Michel Couvreur, originally from Belgium, ages Scotch Whisky in the heart of Burgundy (Bouze-Les- Beaune). In the 1950’s he arrived in Burgundy to make and market wine. He took frequent trips to England and Scotland where he sold his wine, but was particularly drawn to Scotland for the fabulous fishing and hunting. In 1964 he moved to Scotland where he became involved in the production process of whisky made from a selection of the most ancient strains of cereals and using extremely rare sherry casks.
The industry was changing in the whisky production and the old methods were being replaced by new cheaper ones. The old sherry casks traditionally used were replaced by steel or plastic so Michel returned to France in the 70’s to be nearer to where the sherry casks originate. He dug his own cellar in the hillsides of Bouze-les-Beaune, about midway between the Andalusian vineyards and the Scottish Highlands. His scotch matures there in these rare sherry casks; Pedro Ximenez and/or Palomino. The cellar is a 500-foot tunnel with galleries, kept humid by natural springs running through it.

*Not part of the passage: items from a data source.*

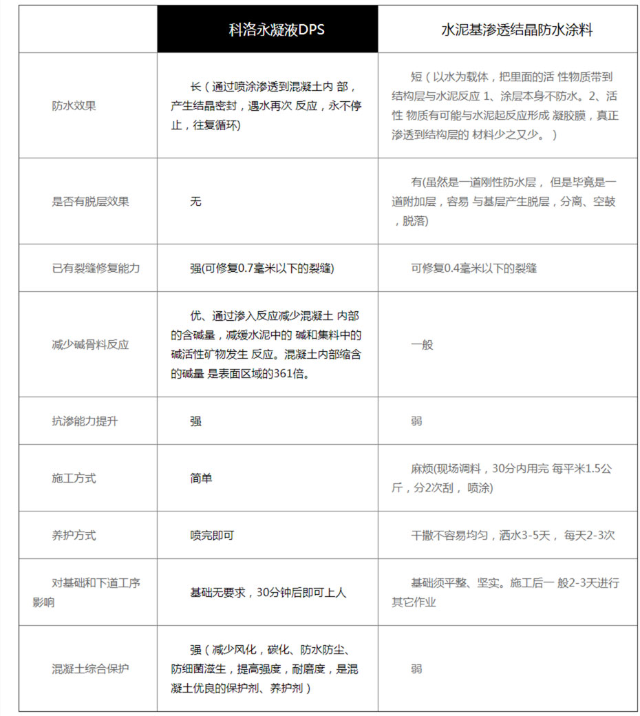 1、科洛水性渗透型无机防水剂与水泥基防水涂料优劣对比
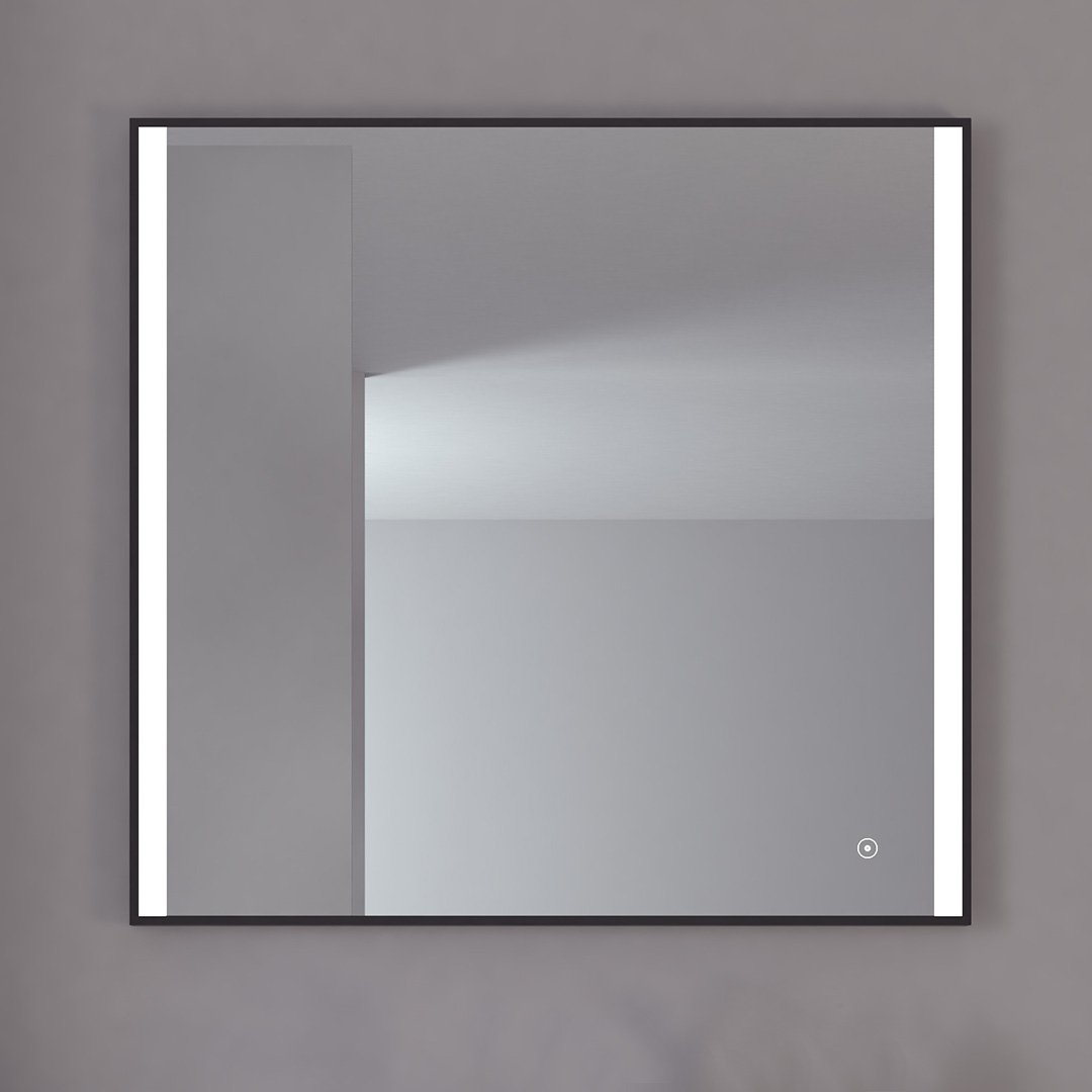 Lekker minimalistisk speil med frostet sidelys. Speilet kan dimmes med knappen på speilet. Med sort ramme i aluminium gir speilet et elegant inntrykk med stramme linjer som passer fint til en sofistikert stil.
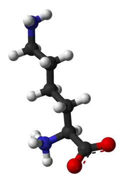 K | Lys | Essential for humans. Behaves similarly to arginine. Contains a long flexible side-chain with a positively-charged end. The flexibility of the chain makes lysine and arginine suitable for binding to molecules with many negative charges on their surfaces. E.g., DNA-binding proteins have their active regions rich with arginine and lysine. The strong charge makes these two amino acids prone to be located on the outer hydrophilic surfaces of the proteins; when they are found inside, they are usually paired with a corresponding negatively-charged amino acid, e.g., aspartate or glutamate. |
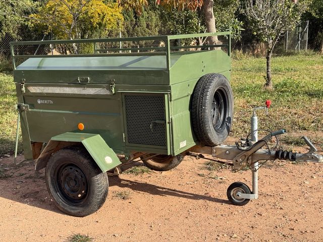 Detalles del productoRemolque para perros en perfecto estado, marca Revilla. Largo 1,50, ancho 1,10. Tres compartimentos grandes. Totalmente forrado interiormente con tablero marino contrachapado fenolico. Dispone de freno de inercia documentado. Pintura antioxidante de alta calidad. Con la documentación en regla. Tapa metálica con baca con apertura abatible y tablero portaobjetos. Ruedas grandes de coche R13 en buen estado.

A small room far from any light called ‘the paradise’ shelters some rare, old and elegant nectar, carefully kept in sealed demijohns. The very humid cellar is the main factor behind the fast alcoholic reduction of the whiskies in their casks. The very fragrant floral and fruity aromas can therefore develop ideally and give Couvreur’s whiskies indeed a rare freshness while they age twice as fast.